Боборыкин задумался на миг, поскучнел и потом удивленно и невесело хохотнул, еще вспоминая:

— Человек, грит, должен быть чистым перед мать-природой, как, например, лошадь или свинья... Так и сказал — свинья!..

— Делать ему боле нечего, сопливцу, — лениво сказал Понырин и огляделся. — Ну, хватит нас?

— Сейчас еще подойдут. — Пантелеев опять сел на бревна, ссутулился. — Человек тридцать хотя бы надо, иначе не управимся. Не больно спеши, успеешь.

Гришук с усилившейся вдруг от всего этого тревогой наблюдал за ними, смотрел на примолкших, ставших будто недовольными людей и чувствовал и ждал, как и все вокруг, чего-то нехорошего. В самом деле, и что это они вдруг так разволновались.
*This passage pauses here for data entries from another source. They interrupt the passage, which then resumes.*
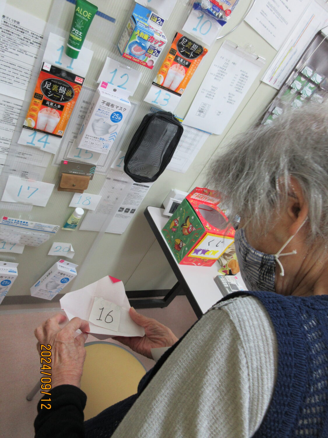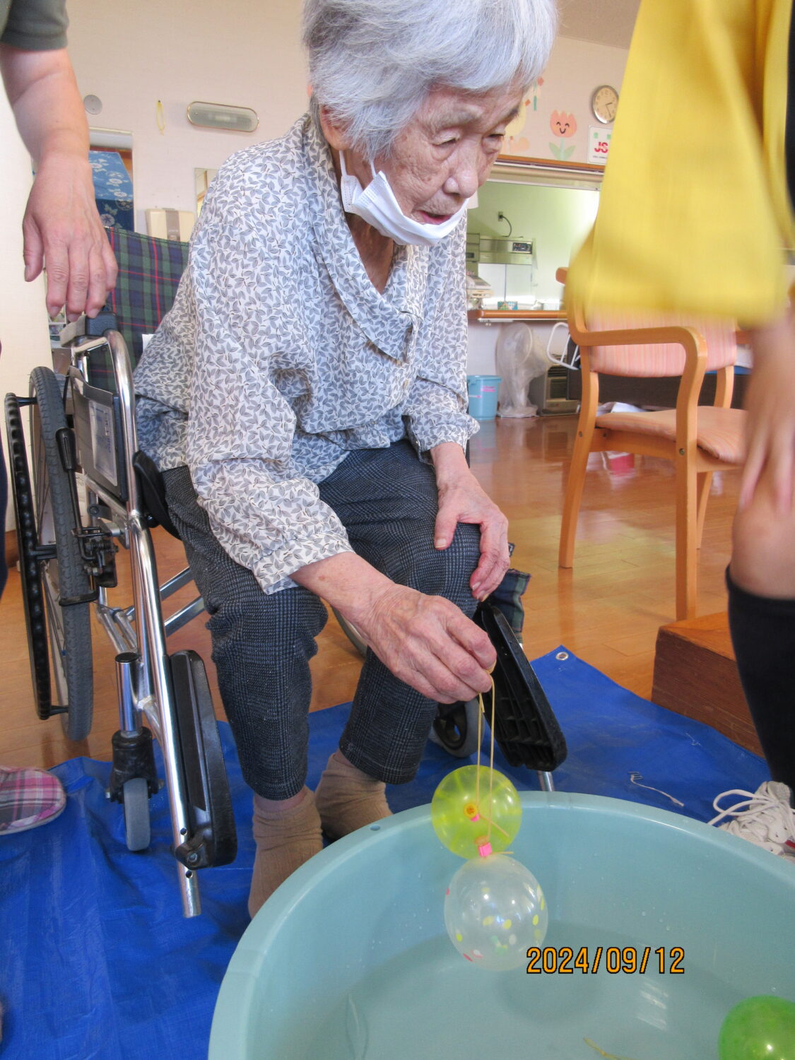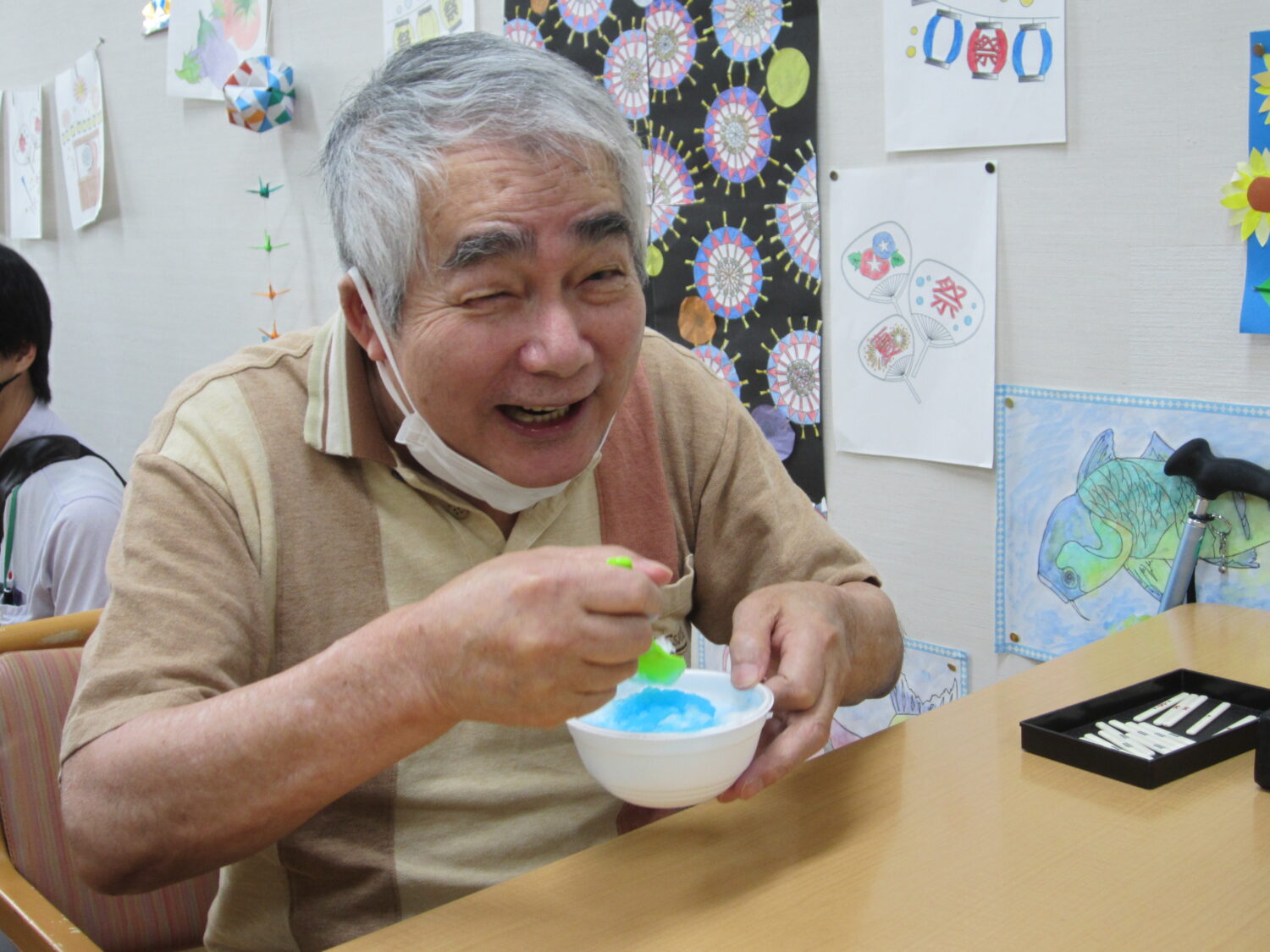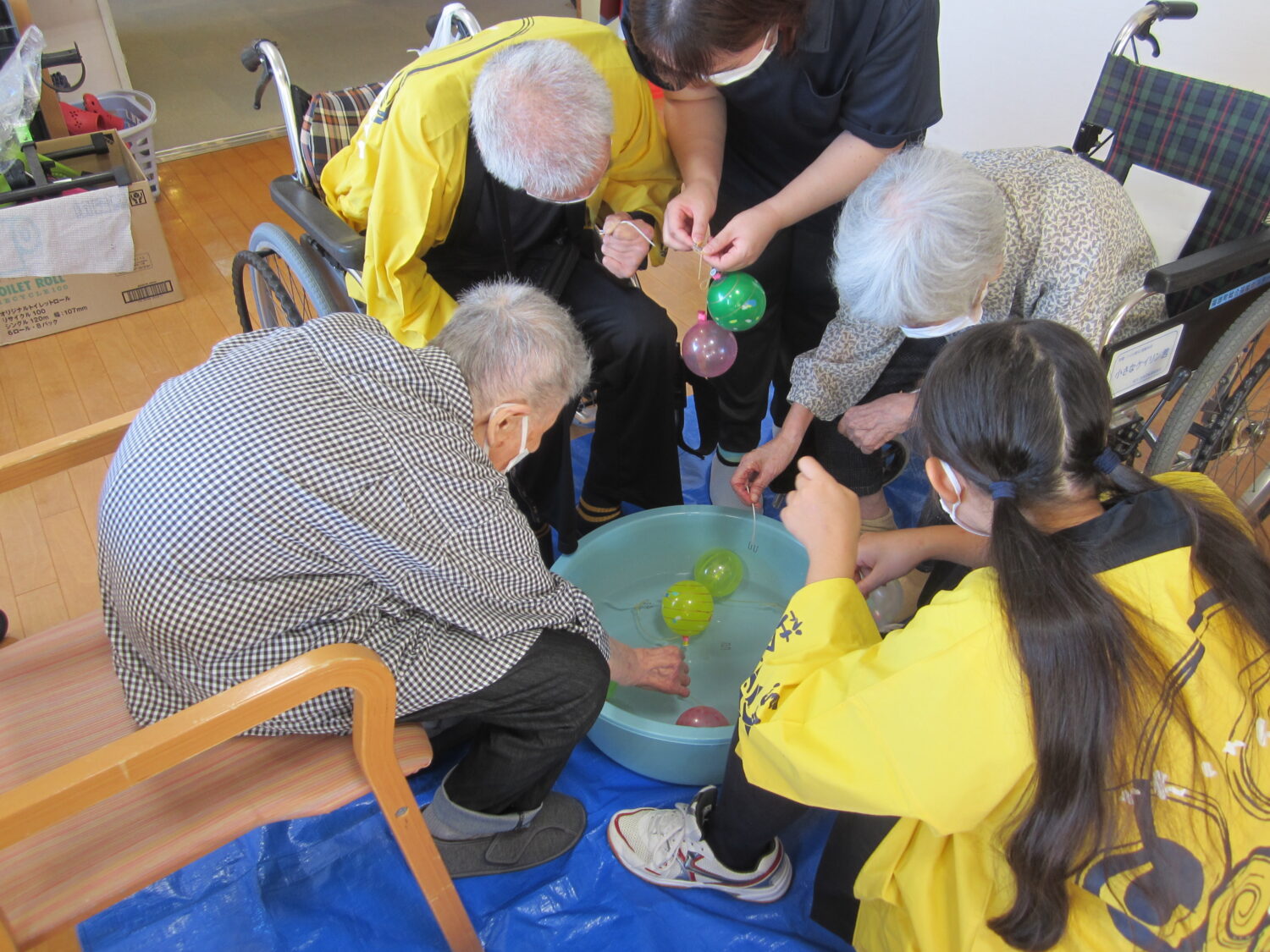 綿菓子、ドリンクバー、ヨーヨー釣り、魚つり、くじ引きいろんなブースを作って、利用者の皆さんに回ってもらいました。
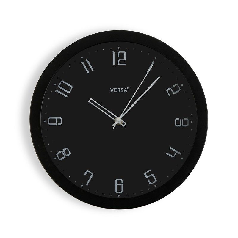 Reloj de pared decorativo negro minimalista de 30 cm, ideal para espacios modernos. Con esfera negra, números blancos y manecillas plateadas, aporta estilo y funcionalidad a tu hogar. Fabricado con materiales de calidad como metal y vidrio, perfecto para salones, cocinas o oficinas. Un toque elegante y contemporáneo para tu decoración.
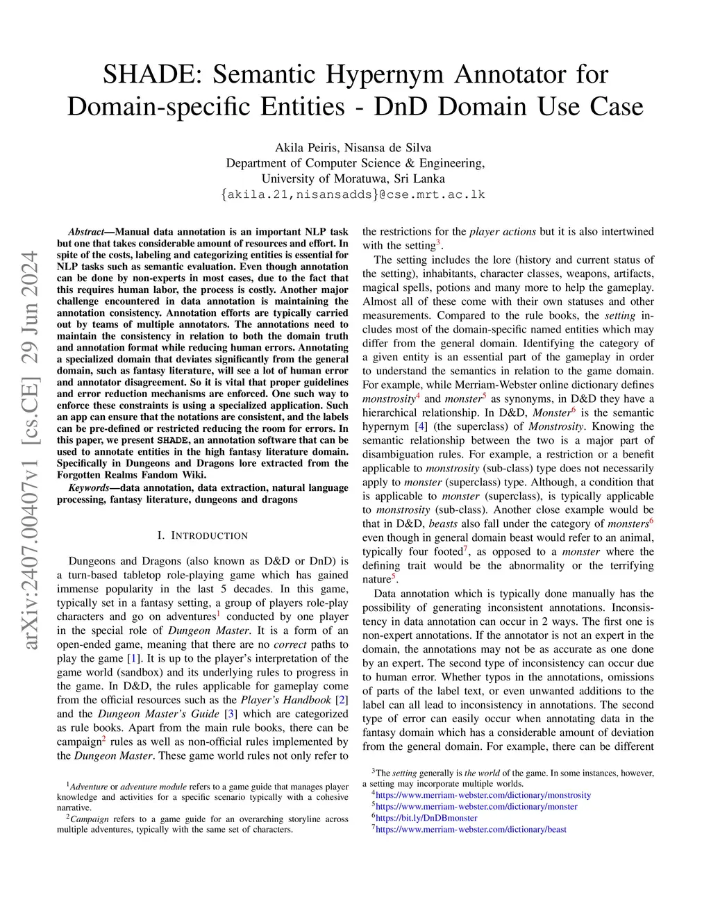 SHADE: Semantic Hypernym Annotator for Domain-specific Entities -- DnD
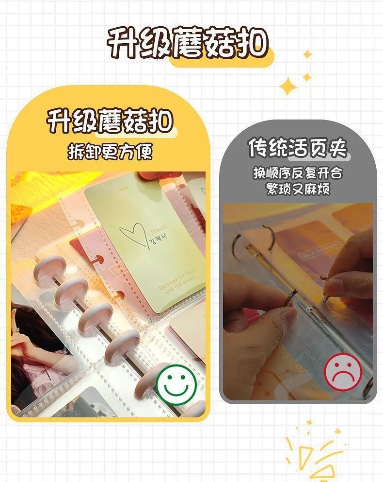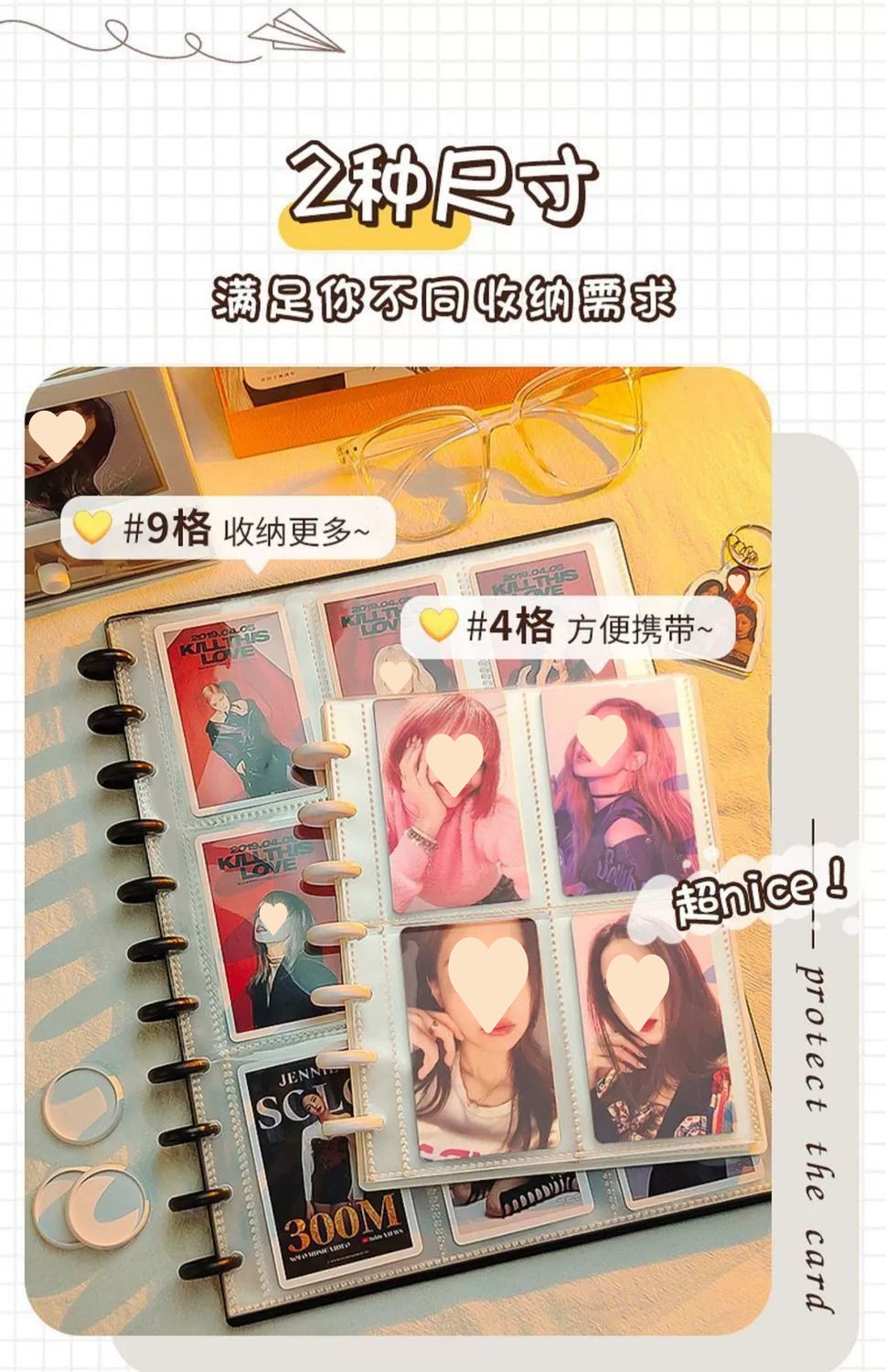 카드 보관부 버섯 버클 투명 느슨한 잎 3 인치 바람 작은 마무리 도매 국경을 대신하여 4 개의 궁전 그리드
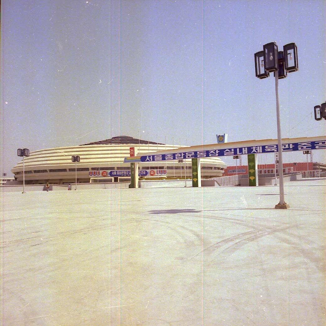 1979년 4월 실내체육관이 준공된다. 잠실 주경기장 일대에서 처음으로 완공된 시설이다. 허허벌판 위에 우주비행선이 착륙한 것만 같은 비현실적인 광경이다. 도로는 새로 닦은 듯 말끔하다. 왼쪽에 보이는 공사장에서는 주경기장이 막 첫 삽을 떴다. 오른쪽의 한강 너머로는 야트막한 들판이 펼쳐진다. 1979년 말에 이르러서야 정부는 올림픽 유치에 도전하기로 한다. 올림픽이 열릴 줄 모르고 지어진 올림픽 경기장이다.
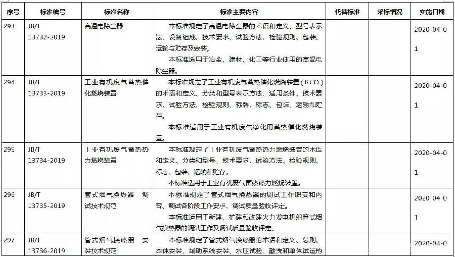 日前,工信部發(fā)布2019年第29號(hào)公告,批準(zhǔn)《銅鋅合金粉》等436項(xiàng)行業(yè)標(biāo)準(zhǔn),其中涉及高溫除塵器、煙氣換熱器、蓄熱式催化燃燒裝置等環(huán)保標(biāo)準(zhǔn)。
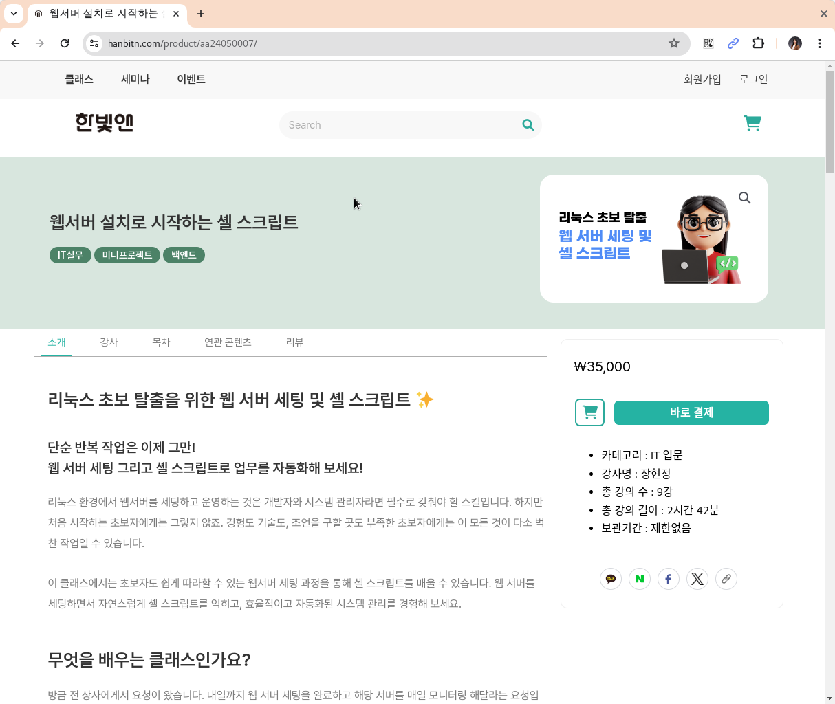 한빛 앤 사이트를 들어가서 보니 제 강의인 셸 스크립트 강의 말고, 좋은 강의들이 많이 있어요. 그것도 매우 착한 가격으로 양질의 강의를 제공을 한다는 거죠~!! 한빛 앤 첫 페이지에 제 강의도 따끈한 신규 클래스로 올라와 있어요. 이 외에도 요즘 트랜드인 AI 관련 강의도 있구요. 근데, 제 강의의 아바타는 꼭 저를 닮은것 같다는 생각이 드네요.
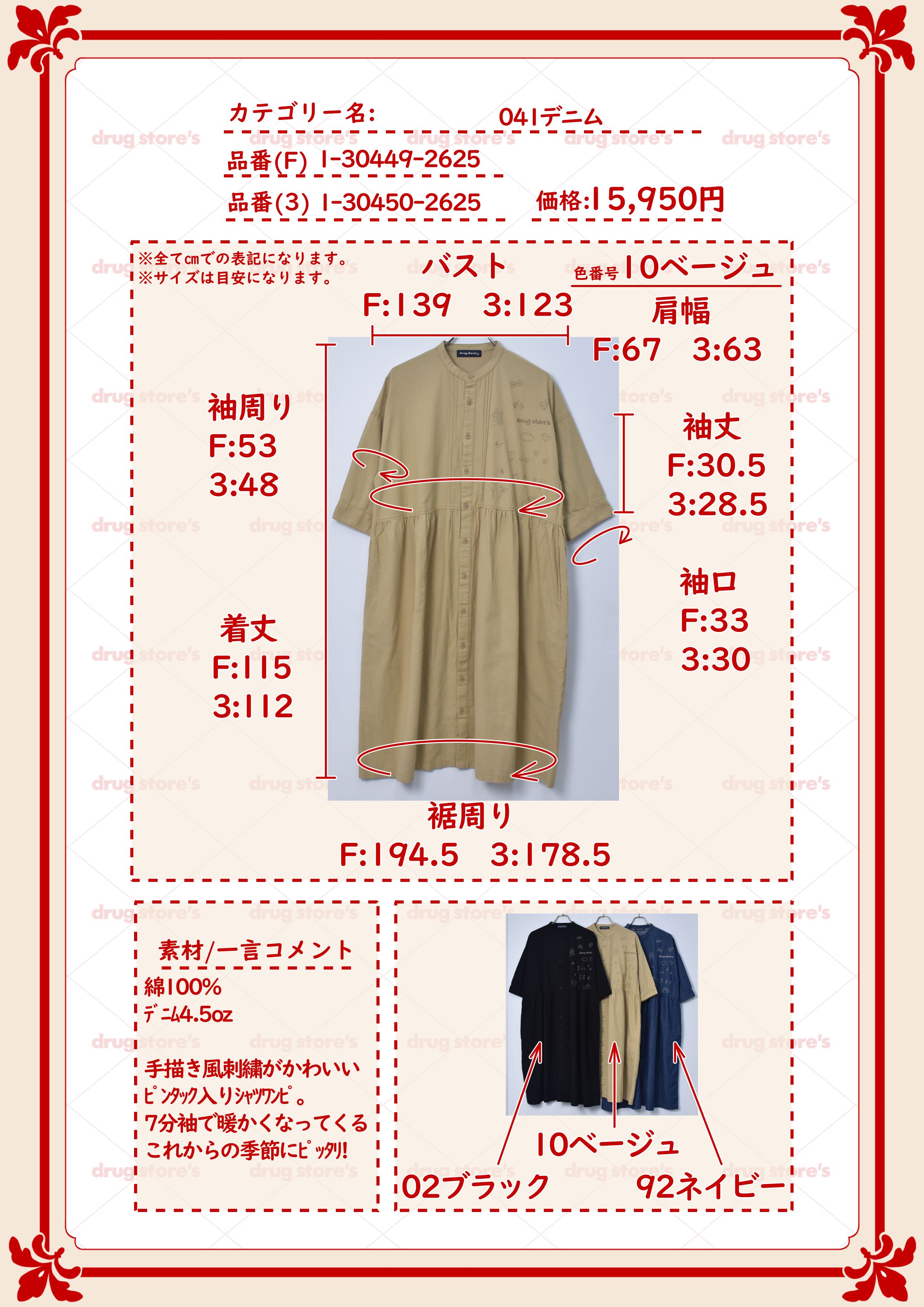【ワンピース】 手書き風刺繍 ピンタック デニムワンピース

Конечно, собак жалко; но вот и Тамара Павловна говорит, что больше так нельзя, и дядя Пантелеев — не зря же он мужиков поднял и с Поныриным связался... Филька, конечно, тоже правду говорит, но он ведь ничего не понимает, его собаки не кусали. Но что-то в Фильке, в ругани его было такое, отчего все жальче становилось Гришуку собак, особенно Лютого; и он, преодолевая робость, тихо спросил хмуро смолившего папироску Пантелеева: — А чего это он так, а?

— Кто, Филька-то? — переспросил конюх недовольно, затянулся в последний раз и сунул окурок под галошу чесанка, растер его. — А спроси его поди. Дурит он, и боле ничего... Дурь свою выказывает.

— Нет, — сказал почти шепотом Гришук, не поднимая глаз, — как же он дурит, когда вправду жалко... — И, не услышав ничего в ответ, заторопился. — А Лютый хорошая ведь собака, он вон как у Анисина коров стерег. Это Анисин его бил, вот он и сбежал.

Конюх не отвечал, а потом сказал подсевшему Боборыкину:

— Черт-те знает, как мы живем с этими собаками, никак миру не получается. Шабры, видать, не те.

— Шабры фиговские, это надо прямо сказать, — с охотой поддержал шофер. — Зло на человека держат, а это хуже всего. Да и мы тоже... Взять хоть этого Анисьина Лютого — как его Анисин порол!.. Знамо дело, синяков или еще чего у пса не увидишь; заместо этого у них в тех местах, где побьют, шерсть этак топырится... как трава вянет, когда дернину режешь. И, помню, всегда он в лохмах бегал, а в позапрошлом году Анисин на дойке его так перетянул кнутом при моих глазах... я думал, он его надвое охвостником развалит!.. Нет, отлежался где-то пес, травки покусал и вернулся-таки к хозяину, простил. Пошло у них опять все

по-старому: Анисин дрыхнет, а Лютый коров сторожит день-деньской за двоих; а если что не так — Анисин за кнут. Кобель, известное дело, от этого злел, ну и дотерпелся до точки, и теперь вот ни себя, ни людям... Непутево с ним вышло.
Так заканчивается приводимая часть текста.